How To Maintain a Healthy Lawn & Landscape
All plants need some amount of moisture to survive. Too much or too little is the number one factor in keeping your landscape happy and healthy. Most home have a wide variety of plants and turf to keep irrigated and not all plants need the same amount of water. Knowing the moisture requirements of your landscape is the first step to keeping it looking great.
Lawns require the most water and maintenance of your landscape. To keep a Kentucky bluegrass lawn healthy throughout the summer months, it needs ¾ to 1” of water per week. To figure out how long to water, place three rain gauges or equal sized containers in your lawn. Place one near the irrigation head, one in the middle, and one at the outer range of the head. Turn on the sprinkler for a period of 15 minutes and measure the amount of water in each container and add them together. Divide that number by 3 to get the average amount of water in 15 minutes. If you measure a quarter of an inch of water in 15 minutes then you know that you will have to water for a total of 1 hour per week in order to get 1” of water on the lawn. If you have irrigation zones with different heads you will need to figure them separately to get the rate of water. For instance spray heads in a boulevard put out more water in a shorter amount of time than a rotary head in the middle of the lawn. Once you figure out the amount of time needed per week, split that up by 2 to 3 times per week. Watering less often for a longer period of time will drive moisture further into the ground and be better for the lawn.
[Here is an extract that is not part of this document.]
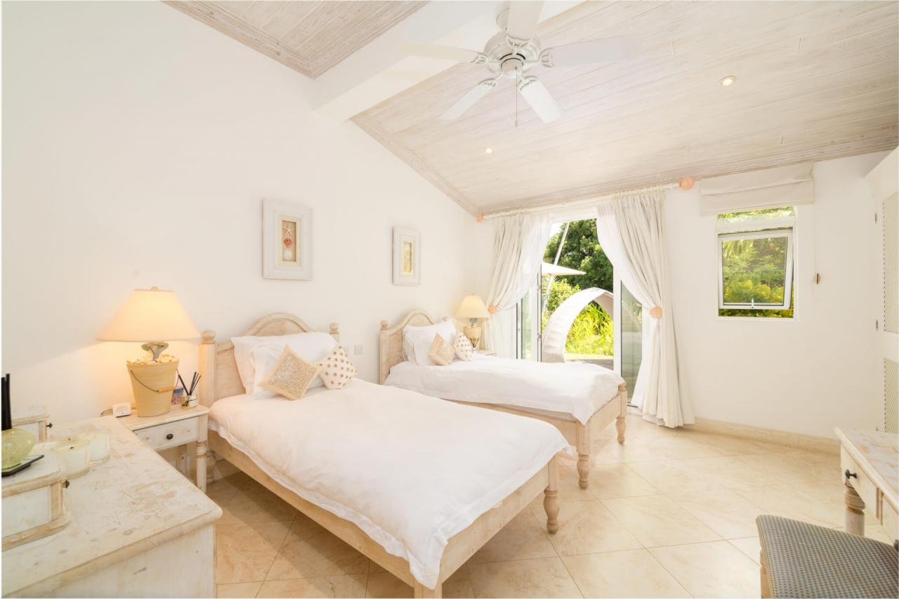 Bedroom 6: This room is equipped with two twin-sized beds, a smart TV, a private terrace, and an ensuite bathroom.

Trees and shrubs need far less water than the lawn. The number one killer of new trees and shrubs is over watering. Plants need oxygen in the soil to survive, if the soil is too wet the roots will rot and the plant will drown. The amount of water plants need depends on their size and location. A newly planted shade tree will need approximately 5 to 7 gallons of water every 10 to 14 days where as a smaller perennial may need a one gallon every 7 days. Established plants have a larger root system and may not need any additional watering except for in times of severe drought. With these few tips you can create a healthier landscape and help conserve our precious water supply.